I read over the first few pages, standing in the bookstore aisle, and thought to myself, "perhaps this matter-of-fact style will transform to a narrative style in subsequent chapters" and bought the book for $24.99. It didn't. Every major event in this book is framed in the most simplistic terms, often without explanation. It's almost as though the author has a grocery list that she's checking off next to her computer as she's typing. "I returned Iran. I married a strange man. It was different. Life was good. I cooked chicken. He didn't believe I could cook chicken. I had a baby. Then, life wasn't so good. Then, we moved to America. I had another baby. Things were okay in America. Then, my husband left." Obviously, this is a gross exaggeration, but I couldn't agree more with the New York Times opinion:
"By turns fascinating and frustrating, Ms. Ardalan's memoir is a case study of a book in desperate need of an editor. While compelling portraits of relatives are left curiously truncated and incomplete, the volume is padded with clumsily written, New Agey asides that should have been left on the cutting-room floor."

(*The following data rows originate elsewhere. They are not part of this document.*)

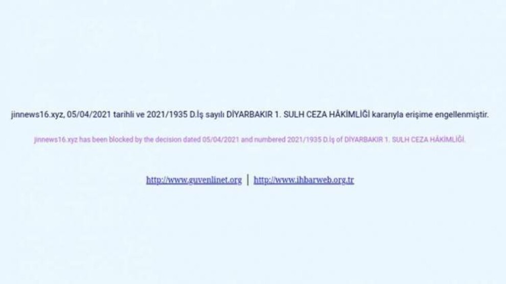 Haber Merkezi – Jinnews’in yayın yaptığı 3 internet sitesine erişim engeli geldi. Ajansın yayın yaptığı “jinnews16.xyz”, “jinnews17.xyz”, “jinnews18.xyz” uzantılı adreslere Diyarbakır 1’inci Sulh Ceza Hakimliği kararıyla erişim engeli getirildiği öğrenildi.
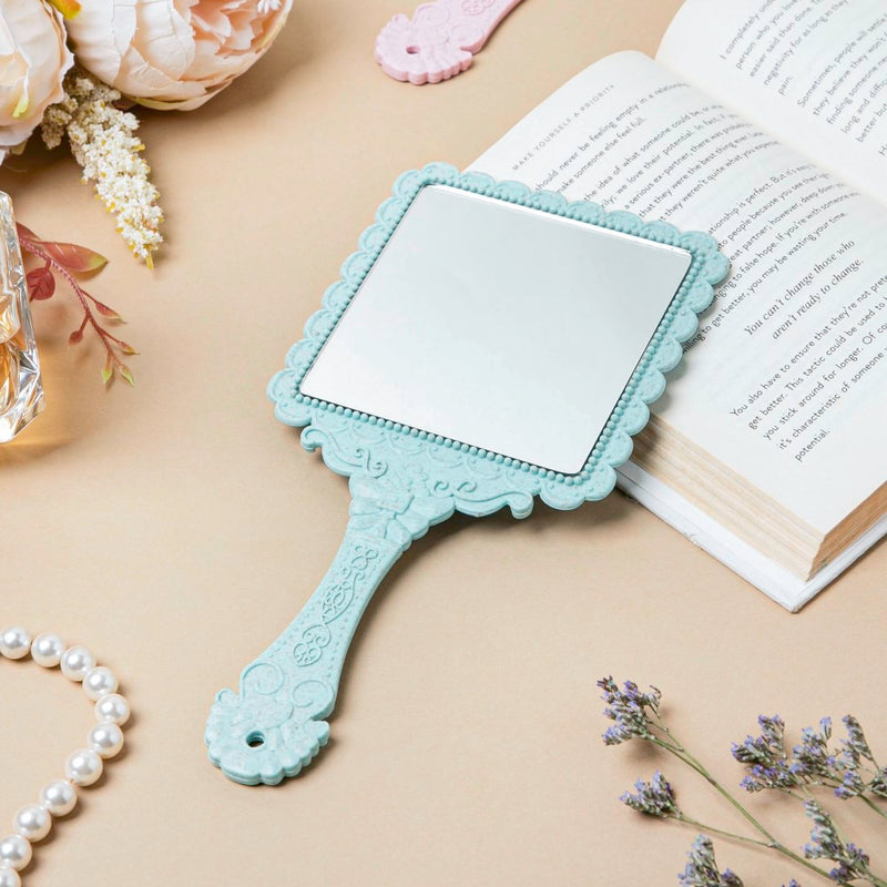 The sleek and stylish, hand-held mirror is the perfect accent to the vanity. The mirror has an elegantly shaped handle that makes it easy to hold at the desired angle and provides a comfortable grip. The adorable hand-held mirror is the ideal accessory to bring with you wherever you go because of its remarkable clarity and portability. Because of its portability and light weight, the mirror is perfect to be carried on the go.
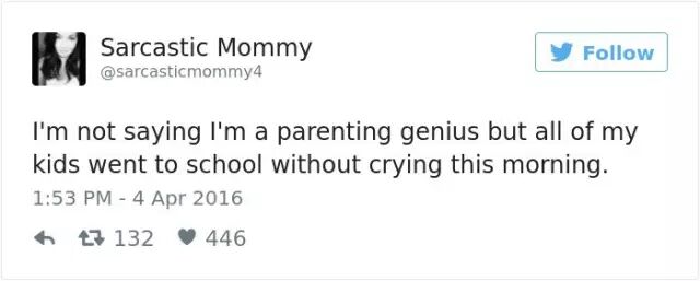 我不是说自己是育儿天才,但今早我的孩儿们没哭没闹,乖乖地去上学了。

Where are the editors? Who published this book? There is a lovely story lurking somewhere beneath the awkward writing. The lack of editing is criminal.
The story, however, was quite engaging. Initially, I picked up this book with great anticipation. By the third or fourth sitting, I began to dread the simplistic prose and mockingly read aloud particularly poor passages to my husband. The story barely kept me engaged through the end. Because I empathize with the author, I'm hesitant to blame her here. I think she has a fascinating life and could have written a terribly interesting book.
Sooo, caveat lector, it's a good story, but poorly, poorly written. I'd be interested to see if the publisher couldn't completely republish the book. Does this ever happen?
Vanity Book
This book is poorly edited, and not very effective. The author's story is not that fantastic that it can stand on it's own, and as a producer for NPR, she's just not that interesting. She spends so much time tip toeing around anything that might cast her family in a bad light, that the book feels half baked.
Yes, she went back and forth from Iran a couple of times and had a couple of bad marriages, but so what? She should have written the book about any single one of her ancestors, each of which had a more interesting life than she did.
average
Iran has a story to tell, story of a young woman coming to understand who she is and within that context I appreciated the book. I did not care for her need to name drop on so much of the book to establish her identity. At some point in the book Iran feels the need to mention that the grand father of the neighbor of her niece was someone important in US Navy and somehow unsuccessfully she tries to establish a link from there to her present partner. Some of these kinds of name dropping and her need to mention them seem completely out of place and takes away from her story. Over all it is an average book.